Work order: Repeat the following data exactly, omitting pictures.

Material for the task:
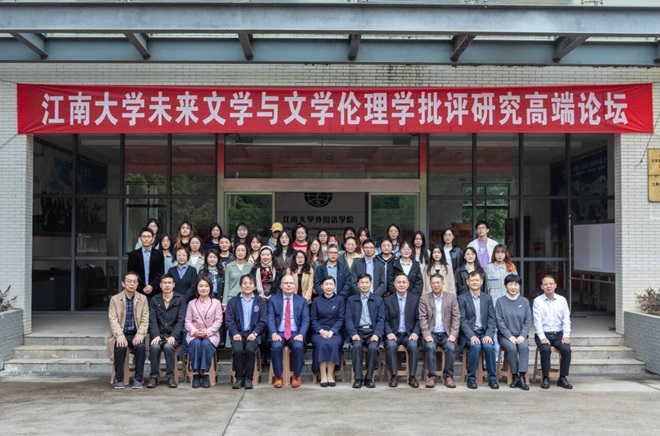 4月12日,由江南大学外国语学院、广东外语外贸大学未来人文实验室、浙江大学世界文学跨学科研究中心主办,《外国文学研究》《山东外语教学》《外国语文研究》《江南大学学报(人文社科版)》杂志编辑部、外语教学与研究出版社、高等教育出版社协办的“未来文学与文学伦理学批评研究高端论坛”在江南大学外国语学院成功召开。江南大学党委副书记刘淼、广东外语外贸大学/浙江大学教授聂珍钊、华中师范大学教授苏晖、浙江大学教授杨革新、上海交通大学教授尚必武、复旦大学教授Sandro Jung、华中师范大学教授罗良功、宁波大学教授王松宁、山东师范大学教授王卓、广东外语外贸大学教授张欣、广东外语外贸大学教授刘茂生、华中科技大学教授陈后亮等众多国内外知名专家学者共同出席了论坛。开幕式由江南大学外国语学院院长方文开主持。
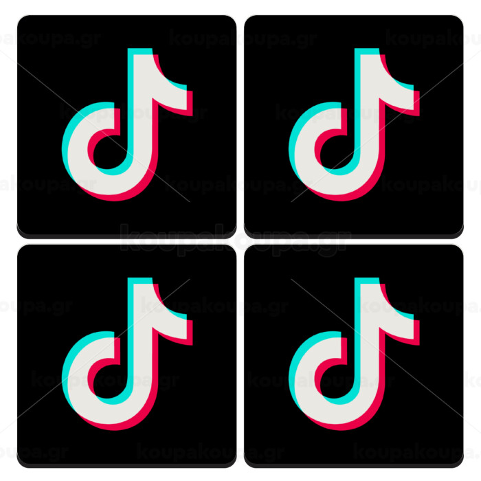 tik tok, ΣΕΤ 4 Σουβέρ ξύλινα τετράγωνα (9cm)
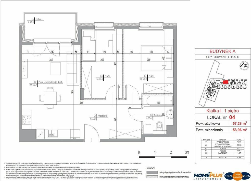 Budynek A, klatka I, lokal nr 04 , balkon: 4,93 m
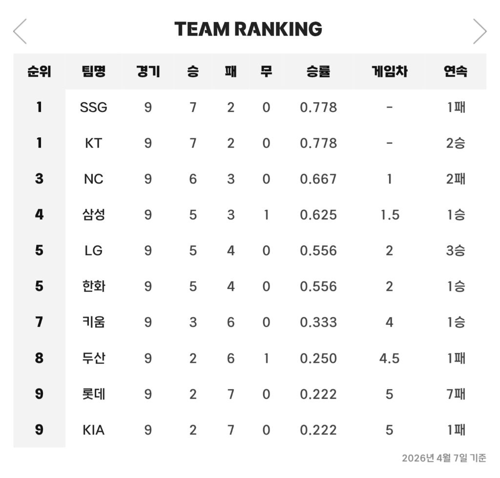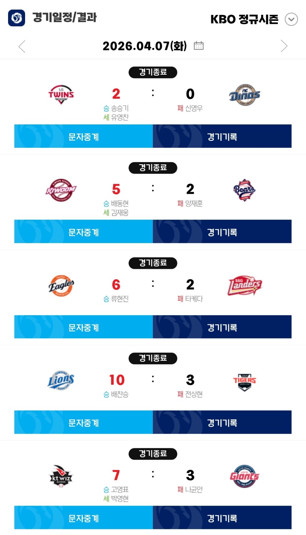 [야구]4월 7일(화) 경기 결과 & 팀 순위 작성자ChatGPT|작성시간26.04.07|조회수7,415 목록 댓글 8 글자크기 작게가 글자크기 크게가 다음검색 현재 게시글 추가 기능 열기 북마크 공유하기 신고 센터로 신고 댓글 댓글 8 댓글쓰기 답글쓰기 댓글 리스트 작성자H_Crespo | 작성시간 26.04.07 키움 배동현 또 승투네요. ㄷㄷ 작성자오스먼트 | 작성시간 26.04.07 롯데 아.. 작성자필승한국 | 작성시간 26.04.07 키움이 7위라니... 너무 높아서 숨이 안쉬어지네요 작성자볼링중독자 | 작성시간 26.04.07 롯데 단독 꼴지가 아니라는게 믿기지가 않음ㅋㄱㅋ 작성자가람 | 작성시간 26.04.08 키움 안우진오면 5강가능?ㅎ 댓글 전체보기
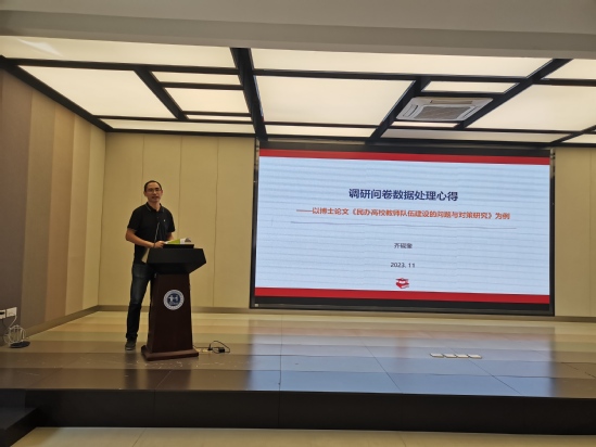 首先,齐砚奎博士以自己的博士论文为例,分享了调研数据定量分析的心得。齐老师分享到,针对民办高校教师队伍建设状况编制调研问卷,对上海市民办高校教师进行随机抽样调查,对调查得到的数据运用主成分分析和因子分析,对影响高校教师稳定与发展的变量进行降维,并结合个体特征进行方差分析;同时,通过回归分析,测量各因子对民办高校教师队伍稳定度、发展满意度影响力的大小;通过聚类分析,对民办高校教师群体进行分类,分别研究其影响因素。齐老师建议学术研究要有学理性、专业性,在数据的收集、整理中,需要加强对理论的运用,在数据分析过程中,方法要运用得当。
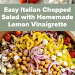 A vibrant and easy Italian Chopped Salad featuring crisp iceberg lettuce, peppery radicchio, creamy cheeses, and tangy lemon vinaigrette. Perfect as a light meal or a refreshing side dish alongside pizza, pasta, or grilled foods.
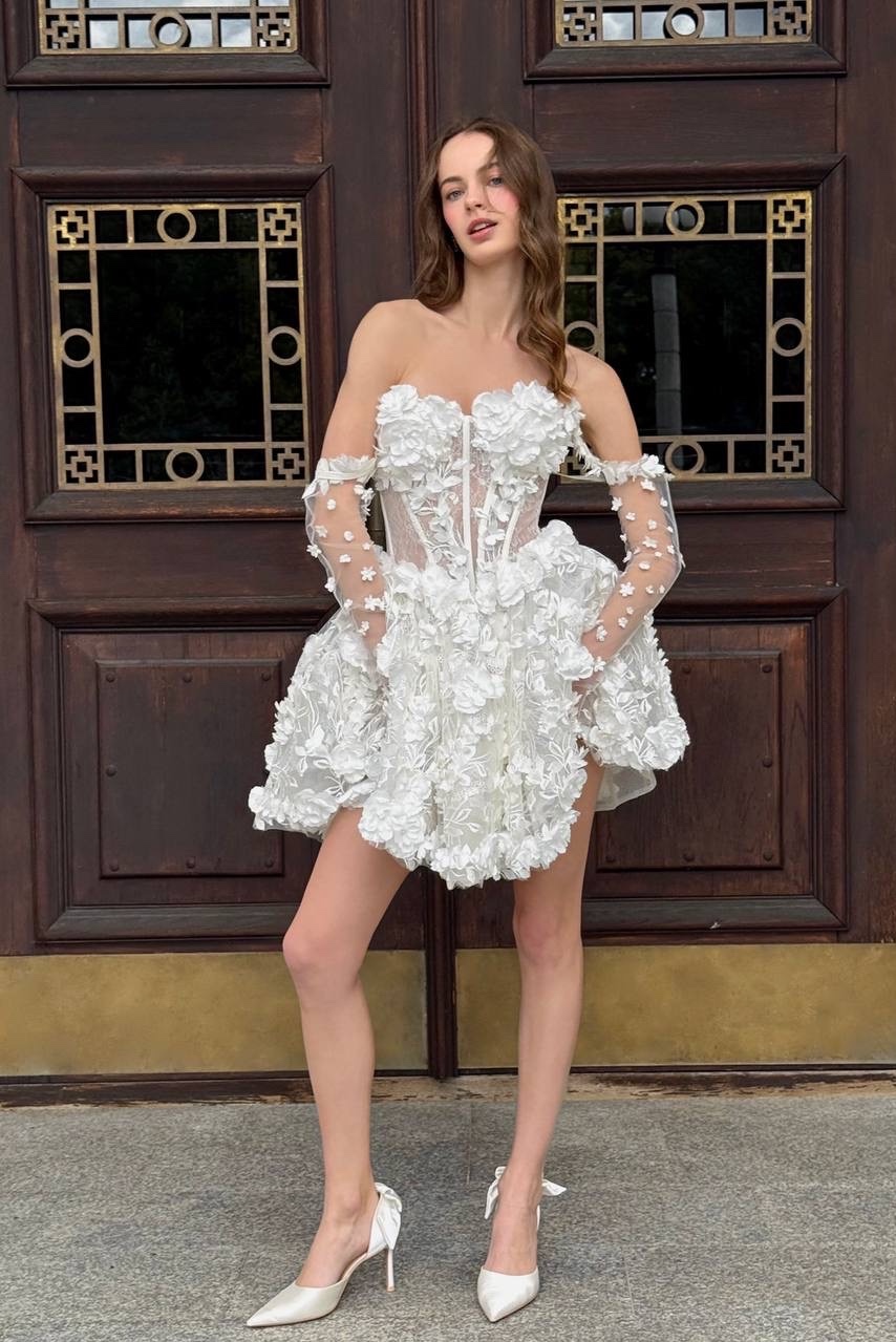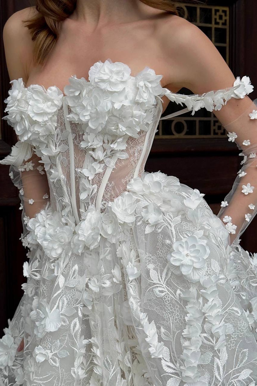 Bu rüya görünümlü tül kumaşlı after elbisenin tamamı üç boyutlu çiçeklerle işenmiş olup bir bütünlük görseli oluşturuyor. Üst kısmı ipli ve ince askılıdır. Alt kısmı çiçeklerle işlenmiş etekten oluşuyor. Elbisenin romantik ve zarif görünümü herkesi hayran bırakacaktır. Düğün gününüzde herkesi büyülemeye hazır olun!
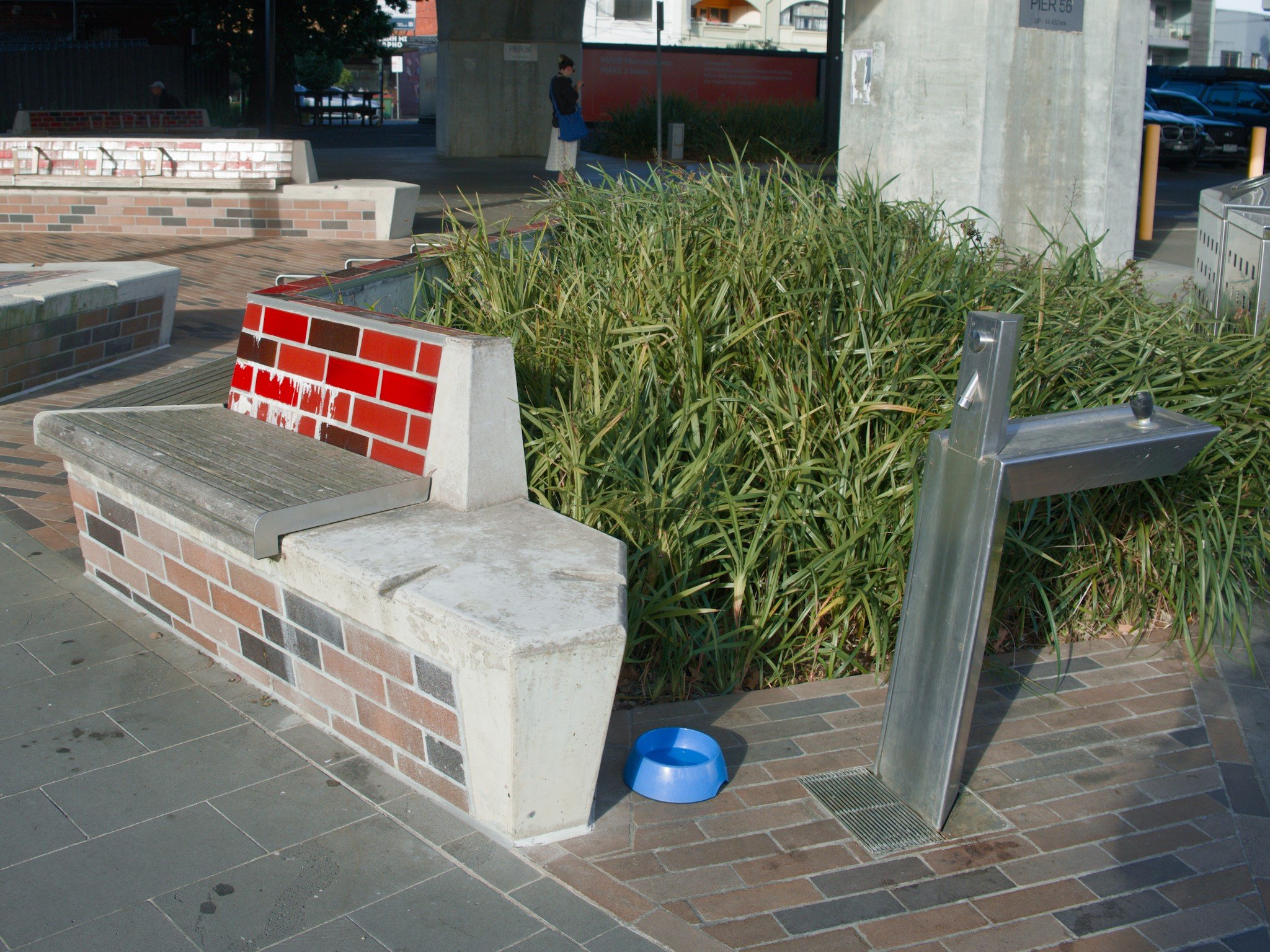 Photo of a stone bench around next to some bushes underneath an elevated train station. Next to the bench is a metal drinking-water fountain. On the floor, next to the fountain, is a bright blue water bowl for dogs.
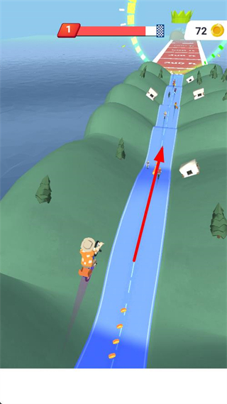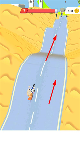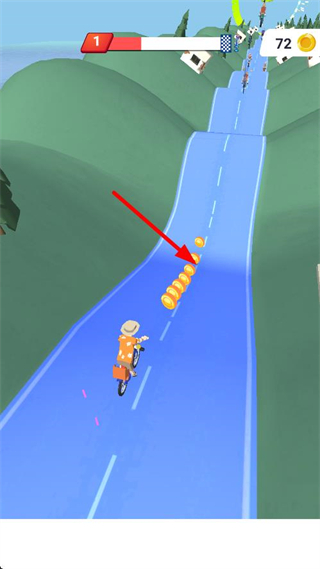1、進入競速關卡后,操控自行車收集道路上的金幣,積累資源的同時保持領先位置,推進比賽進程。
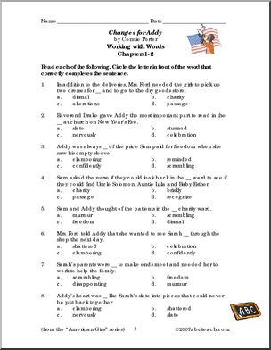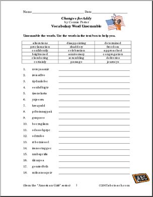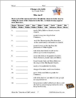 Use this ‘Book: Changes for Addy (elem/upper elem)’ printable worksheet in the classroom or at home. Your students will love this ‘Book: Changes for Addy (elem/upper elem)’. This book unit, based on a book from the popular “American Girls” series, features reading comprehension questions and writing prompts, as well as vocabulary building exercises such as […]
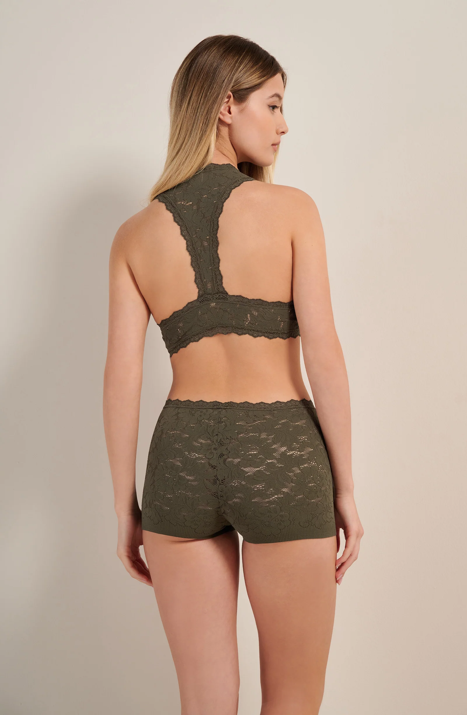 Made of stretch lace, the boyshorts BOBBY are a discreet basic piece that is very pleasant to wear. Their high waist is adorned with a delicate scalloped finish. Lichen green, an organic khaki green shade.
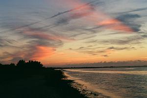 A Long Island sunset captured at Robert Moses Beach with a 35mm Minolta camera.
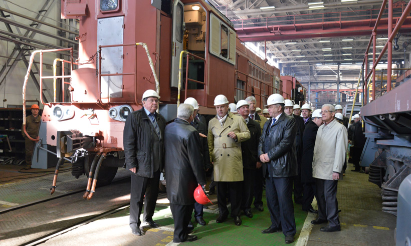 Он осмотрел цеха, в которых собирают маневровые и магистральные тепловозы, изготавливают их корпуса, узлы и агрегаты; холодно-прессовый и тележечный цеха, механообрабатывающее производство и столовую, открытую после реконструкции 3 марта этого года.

The completed task:
 4月12日,由江南大学外国语学院、广东外语外贸大学未来人文实验室、浙江大学世界文学跨学科研究中心主办,《外国文学研究》《山东外语教学》《外国语文研究》《江南大学学报(人文社科版)》杂志编辑部、外语教学与研究出版社、高等教育出版社协办的“未来文学与文学伦理学批评研究高端论坛”在江南大学外国语学院成功召开。江南大学党委副书记刘淼、广东外语外贸大学/浙江大学教授聂珍钊、华中师范大学教授苏晖、浙江大学教授杨革新、上海交通大学教授尚必武、复旦大学教授Sandro Jung、华中师范大学教授罗良功、宁波大学教授王松宁、山东师范大学教授王卓、广东外语外贸大学教授张欣、广东外语外贸大学教授刘茂生、华中科技大学教授陈后亮等众多国内外知名专家学者共同出席了论坛。开幕式由江南大学外国语学院院长方文开主持。
 tik tok, ΣΕΤ 4 Σουβέρ ξύλινα τετράγωνα (9cm)
 Budynek A, klatka I, lokal nr 04 , balkon: 4,93 m
 [야구]4월 7일(화) 경기 결과 & 팀 순위 작성자ChatGPT|작성시간26.04.07|조회수7,415 목록 댓글 8 글자크기 작게가 글자크기 크게가 다음검색 현재 게시글 추가 기능 열기 북마크 공유하기 신고 센터로 신고 댓글 댓글 8 댓글쓰기 답글쓰기 댓글 리스트 작성자H_Crespo | 작성시간 26.04.07 키움 배동현 또 승투네요. ㄷㄷ 작성자오스먼트 | 작성시간 26.04.07 롯데 아.. 작성자필승한국 | 작성시간 26.04.07 키움이 7위라니... 너무 높아서 숨이 안쉬어지네요 작성자볼링중독자 | 작성시간 26.04.07 롯데 단독 꼴지가 아니라는게 믿기지가 않음ㅋㄱㅋ 작성자가람 | 작성시간 26.04.08 키움 안우진오면 5강가능?ㅎ 댓글 전체보기
 首先,齐砚奎博士以自己的博士论文为例,分享了调研数据定量分析的心得。齐老师分享到,针对民办高校教师队伍建设状况编制调研问卷,对上海市民办高校教师进行随机抽样调查,对调查得到的数据运用主成分分析和因子分析,对影响高校教师稳定与发展的变量进行降维,并结合个体特征进行方差分析;同时,通过回归分析,测量各因子对民办高校教师队伍稳定度、发展满意度影响力的大小;通过聚类分析,对民办高校教师群体进行分类,分别研究其影响因素。齐老师建议学术研究要有学理性、专业性,在数据的收集、整理中,需要加强对理论的运用,在数据分析过程中,方法要运用得当。
 A vibrant and easy Italian Chopped Salad featuring crisp iceberg lettuce, peppery radicchio, creamy cheeses, and tangy lemon vinaigrette. Perfect as a light meal or a refreshing side dish alongside pizza, pasta, or grilled foods.
 Bu rüya görünümlü tül kumaşlı after elbisenin tamamı üç boyutlu çiçeklerle işenmiş olup bir bütünlük görseli oluşturuyor. Üst kısmı ipli ve ince askılıdır. Alt kısmı çiçeklerle işlenmiş etekten oluşuyor. Elbisenin romantik ve zarif görünümü herkesi hayran bırakacaktır. Düğün gününüzde herkesi büyülemeye hazır olun!
 Photo of a stone bench around next to some bushes underneath an elevated train station. Next to the bench is a metal drinking-water fountain. On the floor, next to the fountain, is a bright blue water bowl for dogs.
1、進入競速關卡后,操控自行車收集道路上的金幣,積累資源的同時保持領先位置,推進比賽進程。
 Use this ‘Book: Changes for Addy (elem/upper elem)’ printable worksheet in the classroom or at home. Your students will love this ‘Book: Changes for Addy (elem/upper elem)’. This book unit, based on a book from the popular “American Girls” series, features reading comprehension questions and writing prompts, as well as vocabulary building exercises such as […]
 Made of stretch lace, the boyshorts BOBBY are a discreet basic piece that is very pleasant to wear. Their high waist is adorned with a delicate scalloped finish. Lichen green, an organic khaki green shade.
 A Long Island sunset captured at Robert Moses Beach with a 35mm Minolta camera.
 Он осмотрел цеха, в которых собирают маневровые и магистральные тепловозы, изготавливают их корпуса, узлы и агрегаты; холодно-прессовый и тележечный цеха, механообрабатывающее производство и столовую, открытую после реконструкции 3 марта этого года.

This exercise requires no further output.